Here are some pro tips for building great hybrid workplace culture within your company.
Within hybrid organizations, communication is very important. And how the company measures success is no exception. To be fair to all employees, it’s important to set expectations for what success looks like both individually and for the company. Establish a regular cadence for team members and departments to set goals and report on their process, usually weekly. Lastly, make sure virtual meetings are as efficient as possible. Here is a guide to running a successful virtual meeting.
Socialization and team bonding can be difficult with a hybrid workforce. But it is critical to managing hybrid teams. Create moments throughout the day and week for hybrid employees to team build. These don’t have to be elaborate, they can be small things like a question of the day, team lunches, or just grabbing virtual drinks. Need ideas, here are seven tips for hybrid team building that can be done remotely.
Plan to always be iterating on your organization's hybrid work model. Give employees multiple ways to provide feedback on the company’s hybrid work policy. Some ideas include having a dedicated Slack channel for feedback as well as sending quarterly company-wide surveys. However your organization decides to collect the feedback, it's important to incorporate as much of that feedback as possible.
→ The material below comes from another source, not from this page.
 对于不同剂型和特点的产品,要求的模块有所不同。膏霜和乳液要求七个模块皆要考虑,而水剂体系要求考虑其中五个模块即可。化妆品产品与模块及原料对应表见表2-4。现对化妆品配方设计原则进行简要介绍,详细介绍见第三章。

Make your employees feel heard!
Without the right tools, no team will succeed regardless of its organizational structure. The next step after deciding to adopt a hybrid working structure is picking the best tools for your team. Here are three must-have tools for managing hybrid teams.
Where asynchronous communication fails, virtual office software succeeds. While business messaging tools can provide great value, they can be a source for the biggest facing hybrid work. Tools like Microsoft Teams and Slack don’t create a sense of connection, much less reduce feelings of isolation and disconnection among employees. The solution is a virtual office platform that fosters virtual water cooler moments, builds team bonds, and improves communication and collaboration. Virtual offices, also known as virtual workspaces, encourage micro and burst communication. But more importantly, they help level the playing field for all employees and are critical to building a great hybrid work culture. Looking to learn more about virtual office software, schedule a conversation with Kumospace, a leading provider of virtual offices to organizations ranging from venture-backed startups to Fortune 500 companies.
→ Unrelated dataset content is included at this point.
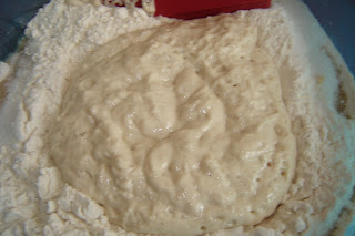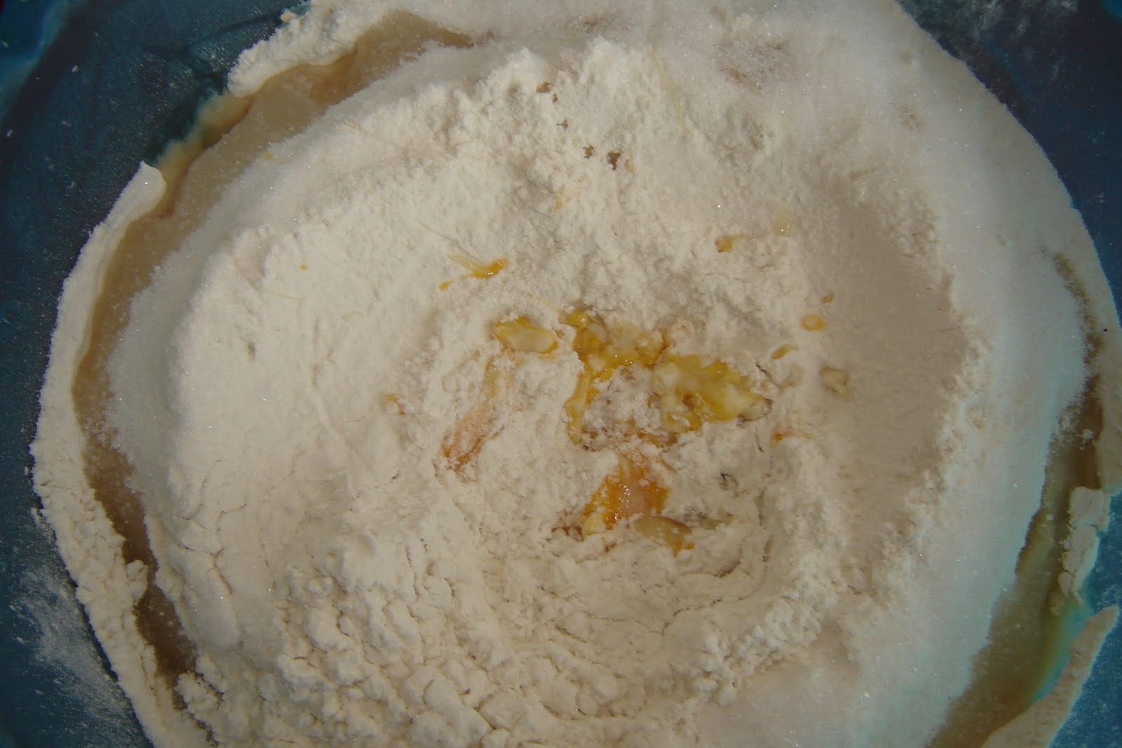 Intr-un bol cernem restul de faina,in care vom adauga praful de sare,uleiul si zaharul ramas.

Hybrid teams need to be efficient communicators. This means a lot of communication will happen asynchronously. Email and business messaging apps allow team members who are on the go easily communicate. They are best for communicating short, non-complex subject matter. There are a number of business messaging platforms, with the most popular being Salesforce’s Slack and Microsoft’s Teams. Both products offer basic messaging functionality, but each has its own specific differentiating features. When considering the right option, consider your organization's needs, goals, and hybrid work model.
Gone are the days of local file storage and document management. If you are looking to run a hybrid working environment, then it is critical that you leverage modern multi-user document collaboration. These tools help inspire collaboration between hybrid team members and reduce a sense of feeling siloed. The most developed versions of these tools are Microsoft Office 365 and Google Workspace. They both offer a suite of document editing, spreadsheet creating, and presentation tools. Although not commonly thought about, these document collaboration tools are a form of hybrid workplace communication. Organizations may want to consider complementary products like Notion for information storage and organization as well as tack and project management products like Jira and Asana.